We take a look at what to expect from a selection of FTSE 100, FTSE 250 and selected other companies reporting next week.

Important notes

This article isn’t personal advice. If you’re not sure whether an investment is right for you please seek advice. If you choose to invest the value of your investment will rise and fall, so you could get back less than you put in.

Among the companies reporting next week;

  • EMIS have already given us a lot of detail on results which makes sales of recently launched EMIS-X our main focus.
  • Fevertree will tell us how a second half recovery impacted margins.
  • Ocado should offer an update on its spending plans as it builds out more robotic fulfilment centres.

FTSE 100, FTSE 250 and selected other stocks scheduled to report next week

15-Mar
HG Capital Trust Full Year Results
16-Mar
Antofagasta Full Year Results
C&C Trading Statement
Close Brothers Half Year Results
Computacenter Full Year Results
Elementis Full Year Results
Ferguson Half Year Results
Greggs Full Year Results
John Wood Full Year Results
Just Group Full Year Results
Polypipe Full Year Results
TI Fluid Systems Full Year Results
Unite Group Full Year Results
17-Mar
Capita Full Year Results
Ferrexpo Full Year Results
18-Mar
888 Holdings Full Year Results
EMIS* Full Year Results
Fevertree* Full Year Results
National Express Full Year Results
Ocado* Q1 Trading Statement
OneSavings Bank Full Year Results
Vectura Full Year Results
19-Mar
ContourGlobal Full Year Results
Investec Trading Statement
JD Wetherspoon Half Year Results
Sanne* Full Year Results

*Companies on which we will be writing research.

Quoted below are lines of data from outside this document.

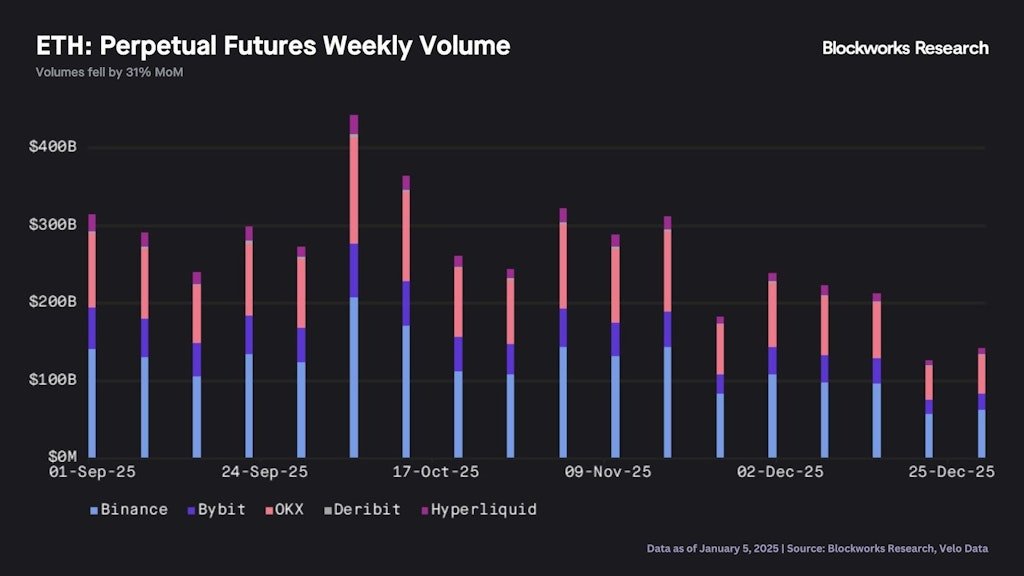 Os mercados de derivativos de ETH em dezembro de 2025 foram definidos por uma clara divergência entre participação e posicionamento. Os volumes de futuros perpétuos continuaram a esfriar, com o volume agregado de perps de ETH caindo cerca de 31% mês após mês, estendendo o declínio de novembro e refletindo o enfraquecimento da intensidade especulativa em meio à consolidação e à volatilidade comprimida. A atividade caiu amplamente nos principais locais, sinalizando um apetite reduzido por negociações direcionais de curto prazo, especialmente durante a menor liquidez nos feriados.
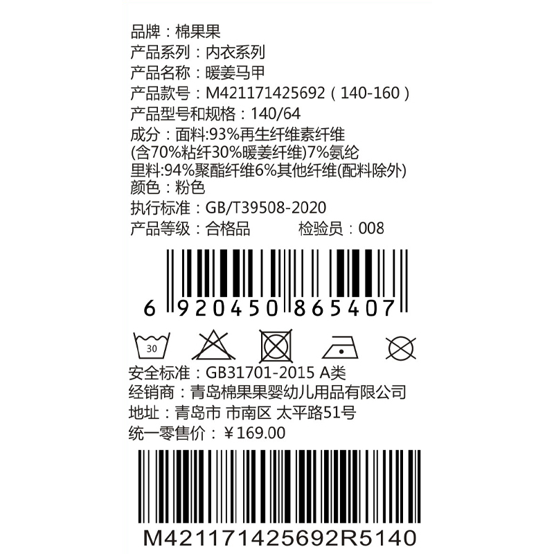 棉果果冬季新品暖姜棉柔软保暖140-160码中大童大码背心暖姜马甲M421171425692
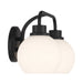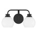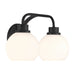 Freshen up your bathroom with the sleekly timeless style of this 2-light bath bar, which features orb-shaped shades of white opal glass that are open at the bottom and a versatile Matte Black finish. It is 8.25" in height, 16" in width and extends 7.75" from the wall. It uses 2 standard size bulbs of up to 60 watts per bulb. Bulbs not included.
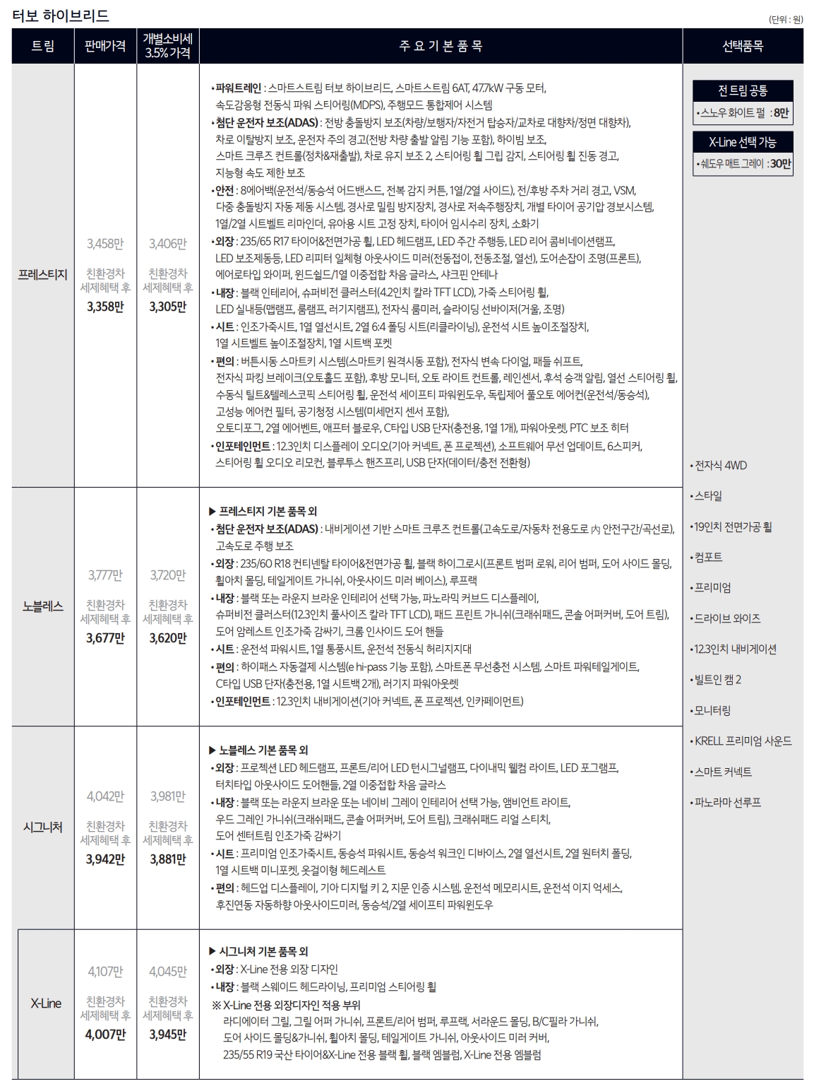| 시그니처 X-Line (AWD) | 4,168만 원 |
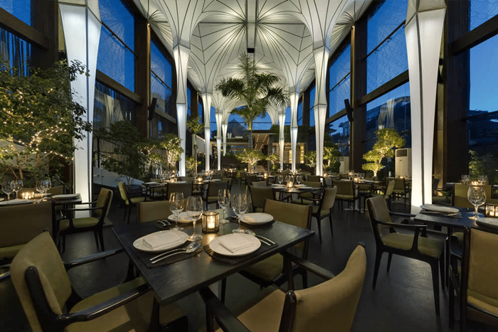 Set within the grounds of the Hanging Gardens of Bali, The Restaurant’s prime location affords an excellent vantage point for unobstructed vistas of the surrounding valleys, temple and gorges (the compound is terraced into the hillside). Gourmet meals dished out from the kitchen are inspired by French and Asian cuisines; service is attentive yet discreet. Some of the unique experiences including dining at the Secret Dalem Segara Temple or the above one of the world’s best swimming pools, beautifully illuminated by candles.
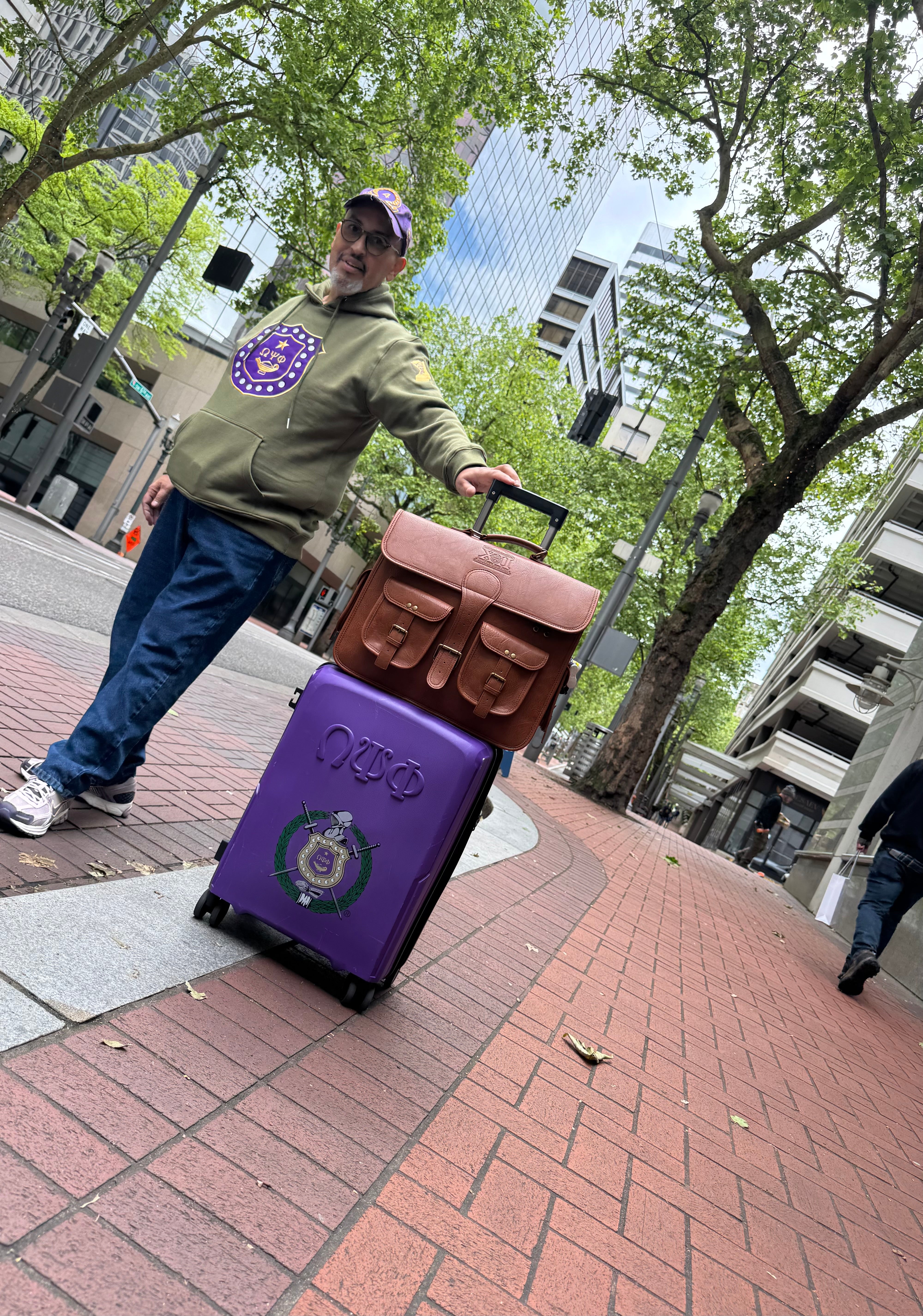 Show your fraternity pride wherever you go with the Omega Psi Phi Carry-On Luggage. Designed for the traveling Que, this durable hardshell suitcase features the bold Omega Psi Phi crest, smooth 360° spinner wheels, and a TSA-approved lock for hassle-free security. Compact yet spacious, it’s perfect for weekend getaways or business trips. Represent the brotherhood—in style.

EMIS – Nicholas Hyett, Equity Analyst

While EMIS has seen some disruption to sales during 2020, the group has generally weathered the pandemic pretty well. As a provider of essential IT services to GP surgeries and community pharmacies, its products have been crucial throughout the crisis.

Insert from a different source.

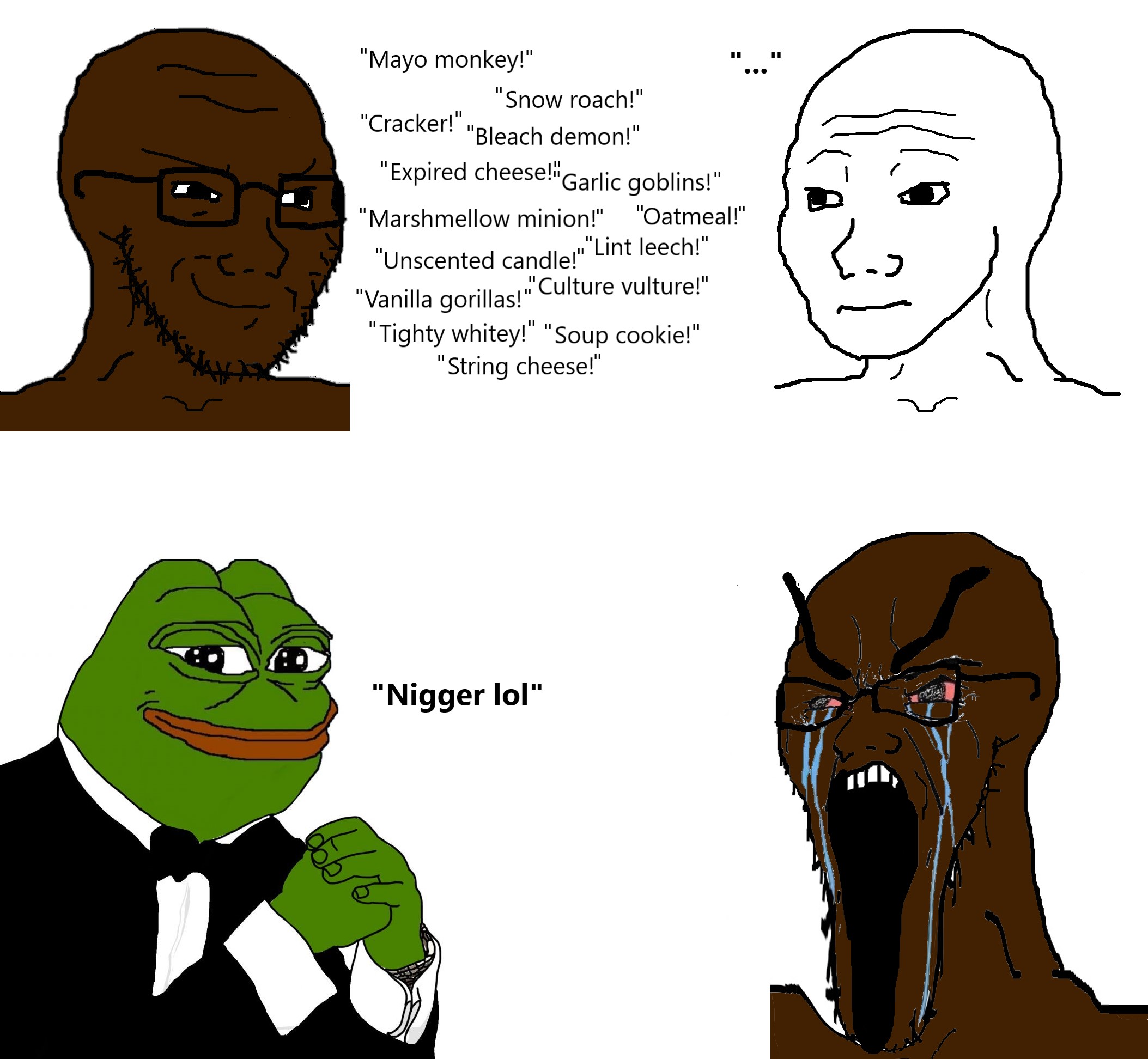 >>218296476It just doesn't work. "You're a cracker" thank God. Same reason chink doesn't do anything to the chinese, it isn't as good as being white, but it's still ok, better than most of the alternatives.The word nigger is offensive because blacks suck. Completely dependant on the good will of the other races to exist. Had equal rights for less than an century and most likely won't have them for another because they can't help but be annoying apes so soon the copious amounts of propaganda necessary to convince the rest of us that they're 'just as good' won't work anymore. You don't even actually need to say nigger, you can just say "you're black" and it'll have the same effect most of the time.
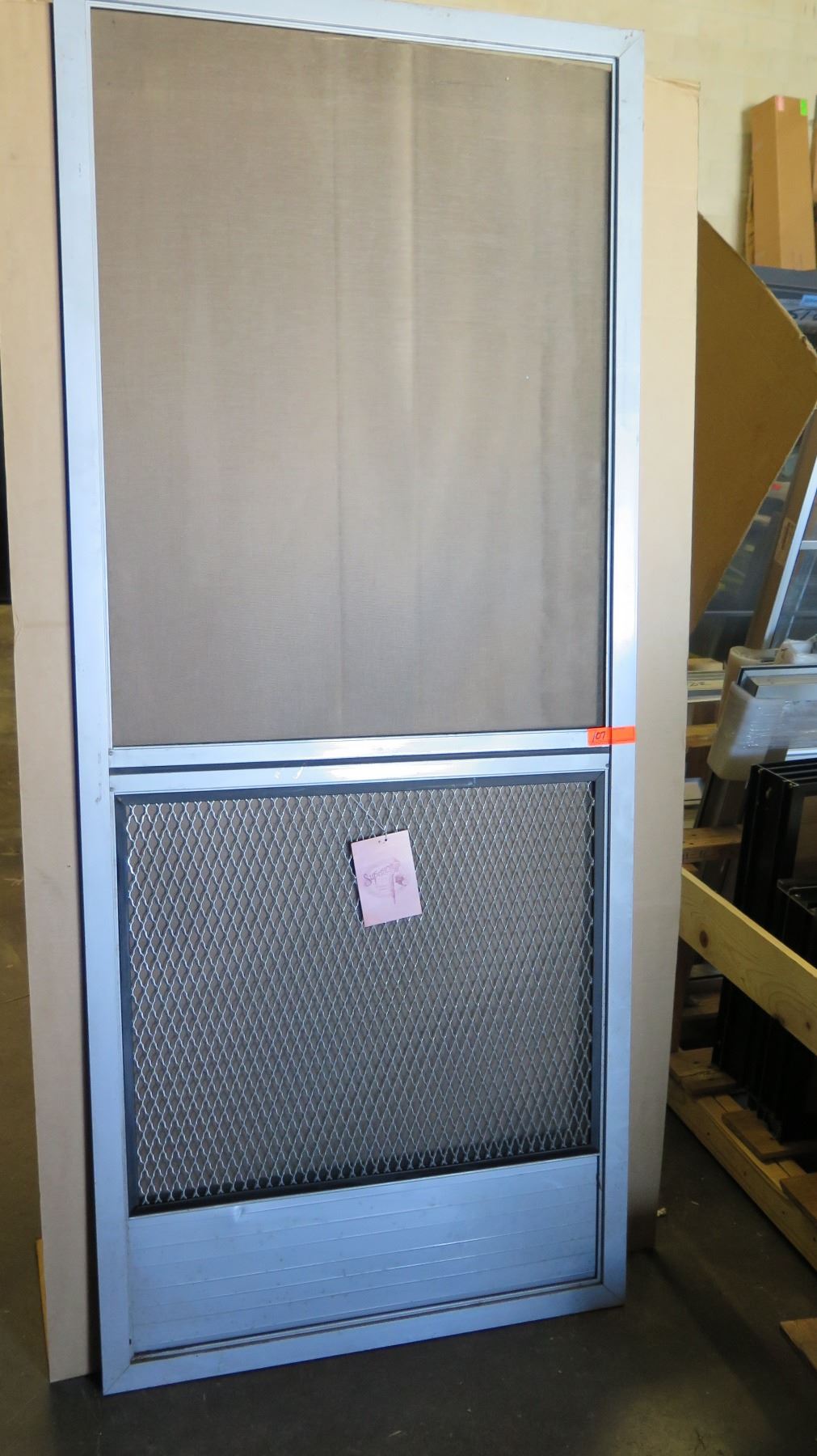 Hinged screen door / clear anodized finish / charcoal fiberglass insect screening 35-1/8" x 83-1/4". Has dent towards the bottom.

That means revenues and profits are likely to have held up well for the year, and instead our main focus will be on the roll-out of EMIS-X. This is EMIS’s next generation of its core product – providing NHS organisations with better access to and understanding of their patient data. Success here, could not only help the group growing its community pharmacy base, but may justify a higher price from existing GP customers.

In the meantime, a robustly cash generative business model, and net cash on the balance sheet, means the group should be well positioned to continue growing shareholder returns though of course there are no guarantees.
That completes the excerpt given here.